**Data items**.
-.-.-

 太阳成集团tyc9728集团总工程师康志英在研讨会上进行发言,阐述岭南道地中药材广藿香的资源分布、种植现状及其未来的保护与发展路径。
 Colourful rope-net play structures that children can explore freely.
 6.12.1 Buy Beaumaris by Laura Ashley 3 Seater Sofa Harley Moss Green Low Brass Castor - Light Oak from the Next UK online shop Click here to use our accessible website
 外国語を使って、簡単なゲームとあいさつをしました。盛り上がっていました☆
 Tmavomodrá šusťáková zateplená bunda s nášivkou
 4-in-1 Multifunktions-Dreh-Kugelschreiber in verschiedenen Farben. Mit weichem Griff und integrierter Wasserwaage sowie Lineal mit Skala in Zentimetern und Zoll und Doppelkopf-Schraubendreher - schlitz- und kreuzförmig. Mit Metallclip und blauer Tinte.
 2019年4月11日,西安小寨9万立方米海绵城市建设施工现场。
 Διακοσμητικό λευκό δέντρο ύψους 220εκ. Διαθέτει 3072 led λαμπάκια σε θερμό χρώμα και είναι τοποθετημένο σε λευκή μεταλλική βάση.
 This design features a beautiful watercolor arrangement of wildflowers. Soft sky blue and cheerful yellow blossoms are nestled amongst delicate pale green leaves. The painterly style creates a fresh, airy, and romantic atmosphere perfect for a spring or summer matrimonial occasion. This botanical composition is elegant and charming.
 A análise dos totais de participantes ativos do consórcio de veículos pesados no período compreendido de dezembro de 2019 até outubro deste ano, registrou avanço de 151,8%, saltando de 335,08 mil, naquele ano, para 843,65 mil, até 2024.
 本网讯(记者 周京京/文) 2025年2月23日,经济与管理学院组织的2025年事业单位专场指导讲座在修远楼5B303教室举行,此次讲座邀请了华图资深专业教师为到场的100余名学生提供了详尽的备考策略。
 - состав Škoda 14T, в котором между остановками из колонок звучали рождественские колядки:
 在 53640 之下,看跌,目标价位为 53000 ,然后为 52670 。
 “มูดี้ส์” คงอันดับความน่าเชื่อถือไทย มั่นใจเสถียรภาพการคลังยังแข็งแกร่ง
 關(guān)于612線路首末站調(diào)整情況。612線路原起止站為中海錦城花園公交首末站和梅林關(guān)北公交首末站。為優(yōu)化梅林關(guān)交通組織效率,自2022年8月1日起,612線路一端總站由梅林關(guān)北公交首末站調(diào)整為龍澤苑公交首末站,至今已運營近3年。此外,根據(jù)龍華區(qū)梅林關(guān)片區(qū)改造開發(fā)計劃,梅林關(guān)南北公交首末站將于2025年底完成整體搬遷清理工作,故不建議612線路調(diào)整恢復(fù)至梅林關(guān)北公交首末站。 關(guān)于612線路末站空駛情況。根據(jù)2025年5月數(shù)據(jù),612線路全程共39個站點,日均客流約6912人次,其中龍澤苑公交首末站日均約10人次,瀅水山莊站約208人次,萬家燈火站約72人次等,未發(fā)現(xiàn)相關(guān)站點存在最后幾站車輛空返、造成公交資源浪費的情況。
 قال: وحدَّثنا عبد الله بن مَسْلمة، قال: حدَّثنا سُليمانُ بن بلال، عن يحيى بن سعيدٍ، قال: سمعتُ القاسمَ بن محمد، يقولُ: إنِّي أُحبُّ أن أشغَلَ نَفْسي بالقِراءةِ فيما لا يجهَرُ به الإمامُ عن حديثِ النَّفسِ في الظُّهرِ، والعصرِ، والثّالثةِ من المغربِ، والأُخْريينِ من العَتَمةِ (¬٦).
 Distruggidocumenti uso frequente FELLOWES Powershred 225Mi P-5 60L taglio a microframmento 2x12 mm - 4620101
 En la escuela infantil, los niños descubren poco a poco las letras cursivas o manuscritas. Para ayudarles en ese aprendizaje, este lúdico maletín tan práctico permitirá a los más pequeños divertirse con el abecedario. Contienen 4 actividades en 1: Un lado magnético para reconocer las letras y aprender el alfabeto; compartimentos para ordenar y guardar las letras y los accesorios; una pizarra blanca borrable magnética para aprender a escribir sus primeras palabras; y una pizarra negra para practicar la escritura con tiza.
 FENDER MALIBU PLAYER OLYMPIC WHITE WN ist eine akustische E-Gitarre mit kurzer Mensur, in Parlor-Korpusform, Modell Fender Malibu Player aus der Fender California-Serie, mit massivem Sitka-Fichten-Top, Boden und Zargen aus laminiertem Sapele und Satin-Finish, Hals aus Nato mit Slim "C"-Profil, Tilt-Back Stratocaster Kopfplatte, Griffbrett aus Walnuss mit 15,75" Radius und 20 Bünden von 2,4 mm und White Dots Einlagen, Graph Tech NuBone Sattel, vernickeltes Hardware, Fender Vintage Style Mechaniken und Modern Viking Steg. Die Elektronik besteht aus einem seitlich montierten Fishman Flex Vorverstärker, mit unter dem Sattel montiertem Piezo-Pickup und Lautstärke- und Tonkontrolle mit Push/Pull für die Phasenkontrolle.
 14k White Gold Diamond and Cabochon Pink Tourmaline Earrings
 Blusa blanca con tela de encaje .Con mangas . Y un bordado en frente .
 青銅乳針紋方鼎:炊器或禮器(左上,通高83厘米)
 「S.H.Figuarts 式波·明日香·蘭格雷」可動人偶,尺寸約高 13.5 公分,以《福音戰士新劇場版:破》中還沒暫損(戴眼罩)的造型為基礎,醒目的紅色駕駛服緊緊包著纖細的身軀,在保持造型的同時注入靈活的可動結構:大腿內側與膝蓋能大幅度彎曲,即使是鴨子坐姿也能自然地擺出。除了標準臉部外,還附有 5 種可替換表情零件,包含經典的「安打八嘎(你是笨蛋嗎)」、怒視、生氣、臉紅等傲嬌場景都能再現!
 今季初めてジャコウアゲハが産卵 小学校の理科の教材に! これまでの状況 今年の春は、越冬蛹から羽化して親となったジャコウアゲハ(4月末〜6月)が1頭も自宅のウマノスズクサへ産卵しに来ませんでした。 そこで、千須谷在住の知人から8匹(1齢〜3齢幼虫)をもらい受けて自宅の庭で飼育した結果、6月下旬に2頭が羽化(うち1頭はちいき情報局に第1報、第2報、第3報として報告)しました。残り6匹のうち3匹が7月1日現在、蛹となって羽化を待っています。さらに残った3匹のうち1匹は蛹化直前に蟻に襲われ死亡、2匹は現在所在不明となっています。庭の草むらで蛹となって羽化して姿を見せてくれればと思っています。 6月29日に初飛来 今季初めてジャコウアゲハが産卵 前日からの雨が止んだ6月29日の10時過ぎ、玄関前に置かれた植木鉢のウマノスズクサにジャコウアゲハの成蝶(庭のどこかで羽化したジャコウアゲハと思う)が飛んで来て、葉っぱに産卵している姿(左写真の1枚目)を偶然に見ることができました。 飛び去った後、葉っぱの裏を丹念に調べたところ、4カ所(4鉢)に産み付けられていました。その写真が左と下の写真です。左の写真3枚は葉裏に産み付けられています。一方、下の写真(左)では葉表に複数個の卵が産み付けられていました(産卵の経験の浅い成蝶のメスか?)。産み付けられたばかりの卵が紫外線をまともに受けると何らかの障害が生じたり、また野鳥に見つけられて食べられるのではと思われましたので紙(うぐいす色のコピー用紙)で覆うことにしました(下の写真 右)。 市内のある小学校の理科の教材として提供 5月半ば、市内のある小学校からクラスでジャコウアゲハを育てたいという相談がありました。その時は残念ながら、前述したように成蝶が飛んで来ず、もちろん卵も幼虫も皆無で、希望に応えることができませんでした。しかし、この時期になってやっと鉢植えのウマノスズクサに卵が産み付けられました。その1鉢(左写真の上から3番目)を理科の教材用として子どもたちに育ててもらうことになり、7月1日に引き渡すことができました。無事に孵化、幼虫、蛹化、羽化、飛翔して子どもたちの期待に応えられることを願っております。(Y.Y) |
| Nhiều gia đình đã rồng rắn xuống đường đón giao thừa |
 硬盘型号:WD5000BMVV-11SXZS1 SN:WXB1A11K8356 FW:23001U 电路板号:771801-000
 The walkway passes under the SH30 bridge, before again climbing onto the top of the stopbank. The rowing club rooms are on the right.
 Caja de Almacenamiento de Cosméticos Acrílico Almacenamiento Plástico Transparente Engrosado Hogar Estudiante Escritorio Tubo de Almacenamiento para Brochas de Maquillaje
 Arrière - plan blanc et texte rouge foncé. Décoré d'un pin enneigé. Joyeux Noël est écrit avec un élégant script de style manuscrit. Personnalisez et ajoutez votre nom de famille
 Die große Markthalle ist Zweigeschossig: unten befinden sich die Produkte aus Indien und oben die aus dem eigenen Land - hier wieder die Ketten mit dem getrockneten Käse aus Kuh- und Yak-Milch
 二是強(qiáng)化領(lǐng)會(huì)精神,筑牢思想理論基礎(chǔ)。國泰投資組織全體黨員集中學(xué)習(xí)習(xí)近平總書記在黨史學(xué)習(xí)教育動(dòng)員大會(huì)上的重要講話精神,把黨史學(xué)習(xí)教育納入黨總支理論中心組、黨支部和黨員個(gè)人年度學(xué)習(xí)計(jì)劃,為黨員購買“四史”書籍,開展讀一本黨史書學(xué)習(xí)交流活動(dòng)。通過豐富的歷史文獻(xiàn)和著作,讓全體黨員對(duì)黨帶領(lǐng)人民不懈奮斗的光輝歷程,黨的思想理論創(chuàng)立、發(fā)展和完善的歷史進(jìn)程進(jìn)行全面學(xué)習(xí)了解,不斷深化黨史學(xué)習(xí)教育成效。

-.-.-

**What is expected**. The lines above, starting at the one with "今季初めてジャコウアゲハが産卵 小学校の理科の教材に! これまでの状況" and ending at the one with "giao thừa |", are the only ones to return, exactly as written.

**Task output**.
 今季初めてジャコウアゲハが産卵 小学校の理科の教材に! これまでの状況 今年の春は、越冬蛹から羽化して親となったジャコウアゲハ(4月末〜6月)が1頭も自宅のウマノスズクサへ産卵しに来ませんでした。 そこで、千須谷在住の知人から8匹(1齢〜3齢幼虫)をもらい受けて自宅の庭で飼育した結果、6月下旬に2頭が羽化(うち1頭はちいき情報局に第1報、第2報、第3報として報告)しました。残り6匹のうち3匹が7月1日現在、蛹となって羽化を待っています。さらに残った3匹のうち1匹は蛹化直前に蟻に襲われ死亡、2匹は現在所在不明となっています。庭の草むらで蛹となって羽化して姿を見せてくれればと思っています。 6月29日に初飛来 今季初めてジャコウアゲハが産卵 前日からの雨が止んだ6月29日の10時過ぎ、玄関前に置かれた植木鉢のウマノスズクサにジャコウアゲハの成蝶(庭のどこかで羽化したジャコウアゲハと思う)が飛んで来て、葉っぱに産卵している姿(左写真の1枚目)を偶然に見ることができました。 飛び去った後、葉っぱの裏を丹念に調べたところ、4カ所(4鉢)に産み付けられていました。その写真が左と下の写真です。左の写真3枚は葉裏に産み付けられています。一方、下の写真(左)では葉表に複数個の卵が産み付けられていました(産卵の経験の浅い成蝶のメスか?)。産み付けられたばかりの卵が紫外線をまともに受けると何らかの障害が生じたり、また野鳥に見つけられて食べられるのではと思われましたので紙(うぐいす色のコピー用紙)で覆うことにしました(下の写真 右)。 市内のある小学校の理科の教材として提供 5月半ば、市内のある小学校からクラスでジャコウアゲハを育てたいという相談がありました。その時は残念ながら、前述したように成蝶が飛んで来ず、もちろん卵も幼虫も皆無で、希望に応えることができませんでした。しかし、この時期になってやっと鉢植えのウマノスズクサに卵が産み付けられました。その1鉢(左写真の上から3番目)を理科の教材用として子どもたちに育ててもらうことになり、7月1日に引き渡すことができました。無事に孵化、幼虫、蛹化、羽化、飛翔して子どもたちの期待に応えられることを願っております。(Y.Y) |
| Nhiều gia đình đã rồng rắn xuống đường đón giao thừa |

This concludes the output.